Conclusions: Although salv

07 and 0.08, respectively).

Conclusions: Although salvage partial nephrectomy is technically demanding and it has a high complication rate, it allows many patients to avoid dialysis. We believe that this experience can be used as a reference for surgeons and patients when considering the risks and benefits of salvage partial selleck kinase inhibitor nephrectomy.”
“Purpose: Elective nephron sparing surgery is established as an alternative to radical nephrectomy for renal cell carcinoma if tumors are small (4 cm or less, stage T1a). We compared outcomes in patients

with renal cell carcinoma 4 cm or less (small) vs more than 4 cm (large) who were treated with nephron sparing surgery.

Materials and Methods: Between 1979 and 2006, 618 patients underwent elective nephron sparing surgery at our institution. Of these patients 474 (76.7%) had renal cell carcinoma, which was 4 cm or less in 372 (78.5%) and more than 4 cm in 102 (21.5%). Followup was 4.7 (range 0.1 to 23.9) years for small and 4.7 (range 0.1 to 24.1) years for large tumors. Cancer specific survival and local recurrence free survival were estimated.

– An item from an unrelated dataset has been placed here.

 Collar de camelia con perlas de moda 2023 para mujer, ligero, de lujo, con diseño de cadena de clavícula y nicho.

Results: The estimated cancer specific survival rate at 5 years was 97.9% and 95.8%, and at 10 years it was 94.9% and 95.8% for small and large tumors, respectively (log rank p = 0.583). The survival

rate free of local recurrence at 5 years was 98.5% and 98.3%, and at 10 years it was 93.9% and 98.3% for small and large tumors, respectively (log rank p = 0.282). In contrast to tumor size, stage 3 was associated with a significant

higher risk of tumor related death.

Conclusions: Elective Selleck ICG-001 nephron sparing surgery is oncologically safe in select patients with localized renal cell carcinoma more than 4 cm. In our series MAPK inhibitor the selection criterion for choosing elective nephron sparing surgery rather than radical nephrectomy over the years has consistently been safe surgical resectability rather than tumor size. However, there is a correlation between tumor size and unfavorable pathological tumor characteristics, which prompts caution when choosing elective nephron sparing surgery for all large tumors.”
“Purpose: We examined the effect of radical nephrectomy, partial nephrectomy and radio frequency ablation on renal function in patients with stage T1a renal masses.

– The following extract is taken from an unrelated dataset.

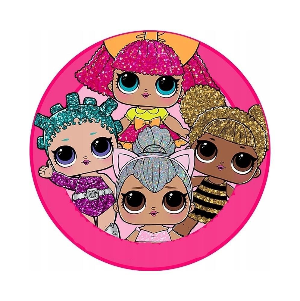 Gruby jadalny okrągły opłatek na tort z wafla z motywem Lol Surprise.

Materials and Methods: A total of 242 consecutive patients from July 1995 to March 2005 undergoing primary treatment for unilateral renal masses smaller than 4 cm and a normal contralateral kidney were identified. Renal function was calculated using the modified Modification of Diet in Renal Disease equation. The rate of decrease in the glomerular filtration rate below 60 ml per minute 1.73 m(2) was compared among the 3 treatment modalities.

Results: A total of 86, 85 and 71 patients were treated with radio frequency ablation, partial nephrectomy and radical nephrectomy, respectively.